**Data to use**:
------------------------------------------------------------------------

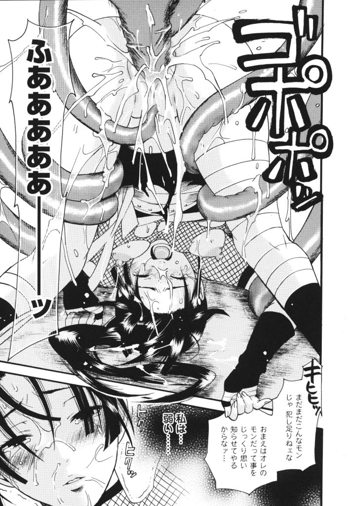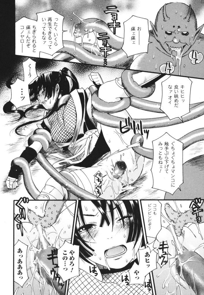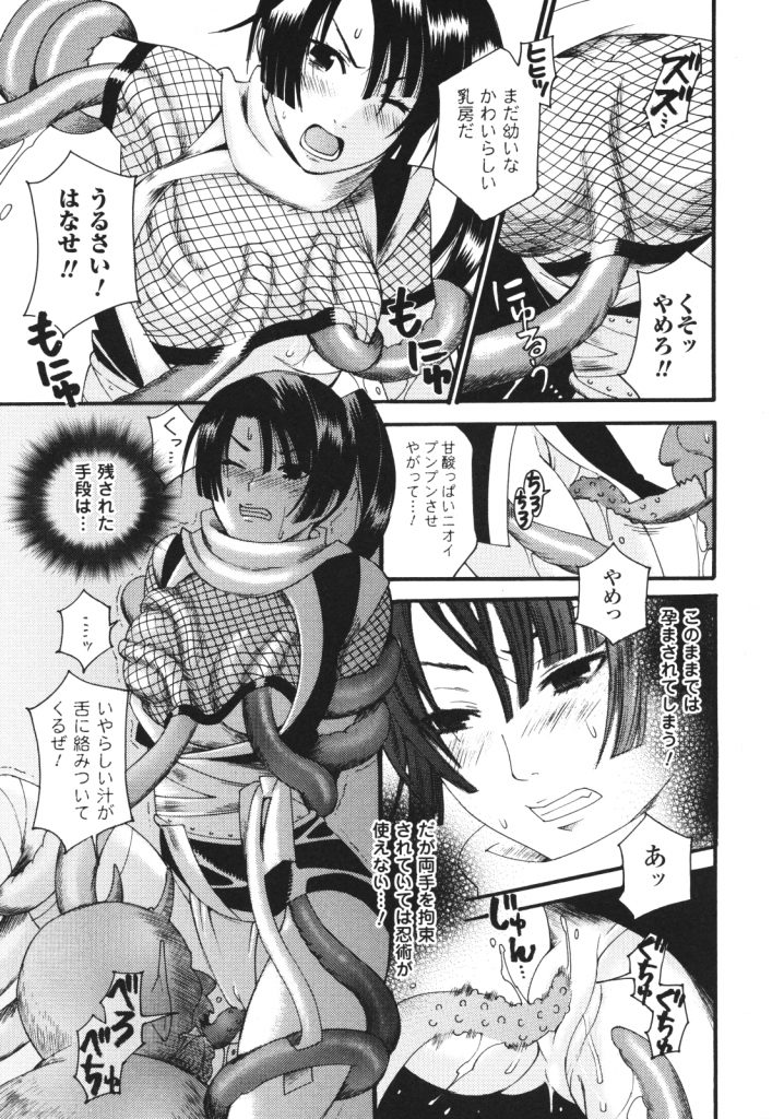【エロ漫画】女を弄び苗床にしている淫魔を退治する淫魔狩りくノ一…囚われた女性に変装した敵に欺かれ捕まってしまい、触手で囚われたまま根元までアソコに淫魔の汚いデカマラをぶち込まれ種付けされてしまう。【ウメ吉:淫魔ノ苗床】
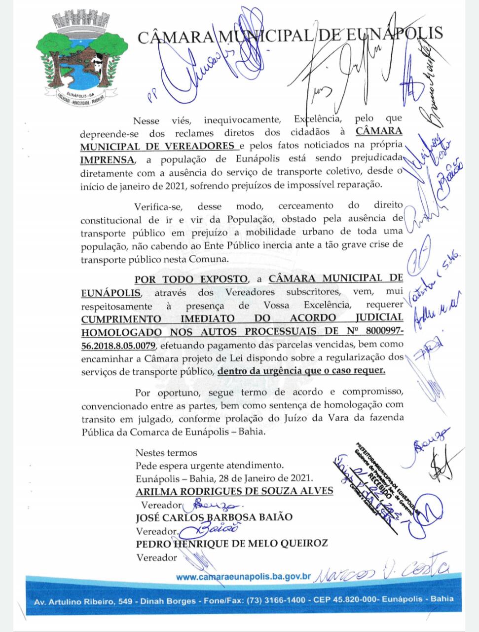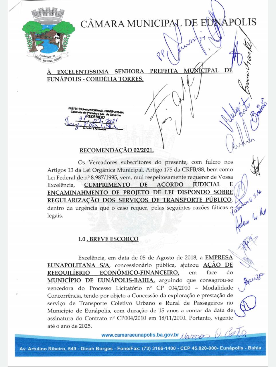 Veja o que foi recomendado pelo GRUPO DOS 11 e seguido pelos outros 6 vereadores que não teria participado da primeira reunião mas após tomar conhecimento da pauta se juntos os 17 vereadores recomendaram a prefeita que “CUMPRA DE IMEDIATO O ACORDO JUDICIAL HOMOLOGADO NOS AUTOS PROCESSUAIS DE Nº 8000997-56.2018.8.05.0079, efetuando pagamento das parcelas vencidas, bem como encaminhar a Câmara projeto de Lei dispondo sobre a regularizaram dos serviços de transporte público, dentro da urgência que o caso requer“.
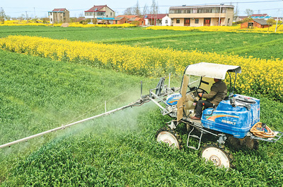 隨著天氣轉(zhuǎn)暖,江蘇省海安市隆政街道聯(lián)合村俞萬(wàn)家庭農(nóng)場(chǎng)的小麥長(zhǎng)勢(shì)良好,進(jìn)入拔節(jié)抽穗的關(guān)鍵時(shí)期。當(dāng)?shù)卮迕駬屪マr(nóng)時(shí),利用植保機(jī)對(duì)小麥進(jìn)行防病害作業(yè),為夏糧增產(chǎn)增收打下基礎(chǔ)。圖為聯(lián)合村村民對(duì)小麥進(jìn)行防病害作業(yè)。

------------------------------------------------------------------------

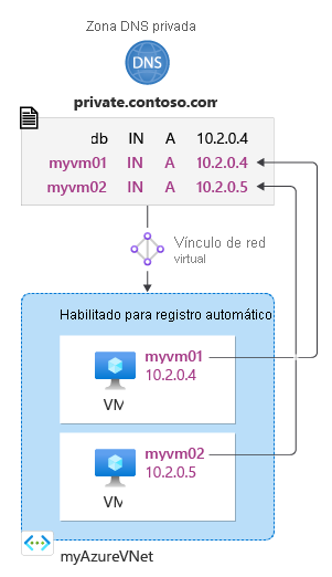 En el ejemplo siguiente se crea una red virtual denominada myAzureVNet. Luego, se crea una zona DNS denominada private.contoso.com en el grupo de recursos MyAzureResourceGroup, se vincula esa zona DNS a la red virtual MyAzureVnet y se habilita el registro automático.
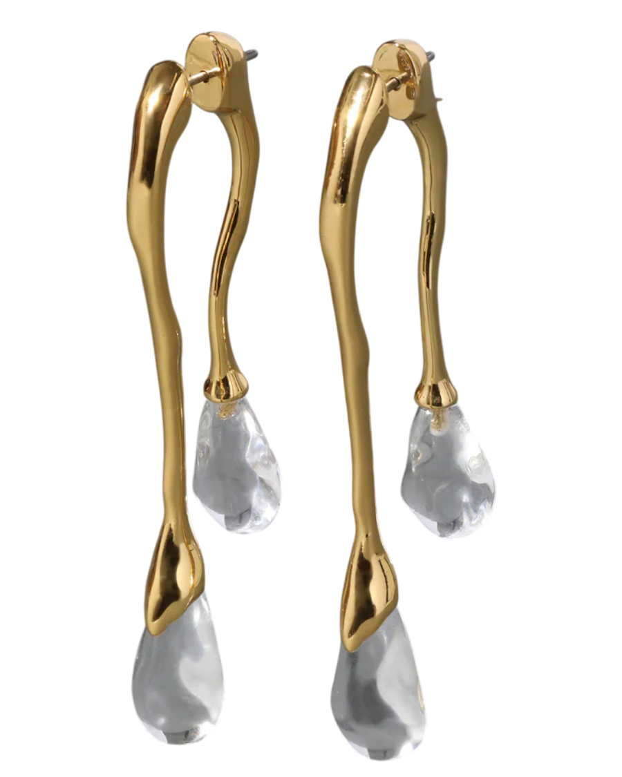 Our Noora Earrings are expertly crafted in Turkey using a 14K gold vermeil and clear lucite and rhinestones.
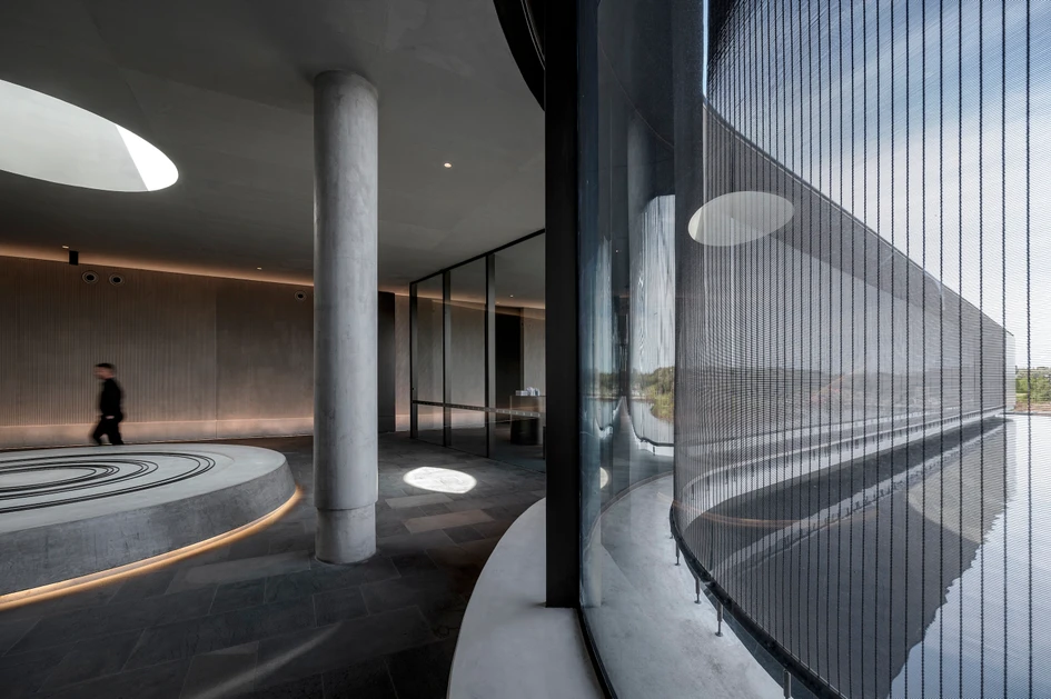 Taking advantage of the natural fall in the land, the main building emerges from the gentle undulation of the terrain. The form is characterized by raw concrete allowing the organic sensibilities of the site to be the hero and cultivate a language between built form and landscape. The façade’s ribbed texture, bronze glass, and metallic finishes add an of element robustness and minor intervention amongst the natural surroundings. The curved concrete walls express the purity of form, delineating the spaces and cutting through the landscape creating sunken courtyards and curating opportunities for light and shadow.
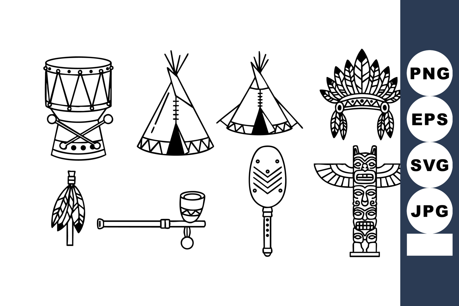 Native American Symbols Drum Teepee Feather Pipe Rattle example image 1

------------------------------------------------------------------------

**Aim of the task**:
Leaving out all pictures, set down exactly the lines of the material above, from the line with "Veja o que foi" to the line with "隨著天氣轉(zhuǎn)暖,江蘇省海安市" inclusive, and no others.

**Answer below**:
 Veja o que foi recomendado pelo GRUPO DOS 11 e seguido pelos outros 6 vereadores que não teria participado da primeira reunião mas após tomar conhecimento da pauta se juntos os 17 vereadores recomendaram a prefeita que “CUMPRA DE IMEDIATO O ACORDO JUDICIAL HOMOLOGADO NOS AUTOS PROCESSUAIS DE Nº 8000997-56.2018.8.05.0079, efetuando pagamento das parcelas vencidas, bem como encaminhar a Câmara projeto de Lei dispondo sobre a regularizaram dos serviços de transporte público, dentro da urgência que o caso requer“.
 隨著天氣轉(zhuǎn)暖,江蘇省海安市隆政街道聯(lián)合村俞萬(wàn)家庭農(nóng)場(chǎng)的小麥長(zhǎng)勢(shì)良好,進(jìn)入拔節(jié)抽穗的關(guān)鍵時(shí)期。當(dāng)?shù)卮迕駬屪マr(nóng)時(shí),利用植保機(jī)對(duì)小麥進(jìn)行防病害作業(yè),為夏糧增產(chǎn)增收打下基礎(chǔ)。圖為聯(lián)合村村民對(duì)小麥進(jìn)行防病害作業(yè)。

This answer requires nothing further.